This article is from the Glossary of Technical Analysis Terms.
The Norton High/Low Indicator uses results from the Demand Index and the Stochastic study and is designed to pick tops and bottoms on long term price charts. Two lines are generated: the NLP line and the NHP line. The system also uses level lines at -2 and -3. The NLP line crossing -3 to the downside is the signal that a new bottom will occur in 4-6 periods, using daily, weekly, or mnthly data. Similarly, the NHP line crossing -3 to the downside indicates a new top in the same time frame. The indicator tends to be more reliable using longer term data (weekly or monthly). When either indicator drops below the - 3 level, a reversal may be imminent. The reversal (or hook) is the signal to enter the market. For greater reliability, use the Norton High/Low Indicator together with other studies for confirmation.

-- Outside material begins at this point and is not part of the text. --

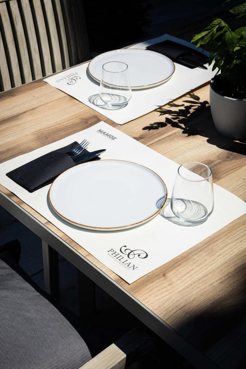 Das Gourmet-Restaurant des Hotels bietet eine Küche, die auf mediterranen und griechischen Aromen basiert, aber mit einem modernen und anspruchsvollen Touch präsentiert wird. Die Aufmerksamkeit für die Qualität der lokalen Rohstoffe und das elegante Ambiente machen das kulinarische Erlebnis zu einem Moment wahren Genusses.
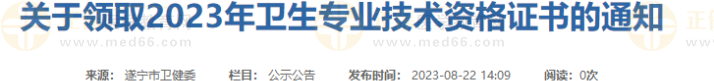 遂宁市卫生健康委员会发布关于领取2023年卫生专业技术资格证书的通知,医学教育网整理具体内容如下:

A way to measure volatility is to measure the daily ranges between the high and the low. Volatility is high when the daily range is large and low when the daily range is small. The Notis %V study contains two separate indicators. It divides market volatility into upward and downward components (UVLT and DVLT). Both are plotted separately in the same window, and can be plotted as an oscillator. The upward component is also compared to the total volatility (UVLT + DVLT) and expressed as a percentage; thus the name, %V. Volatility can be a key to options trading. A good sense of market volatility can help you avoid those frustrating times when the market moves your way but your option still loses value.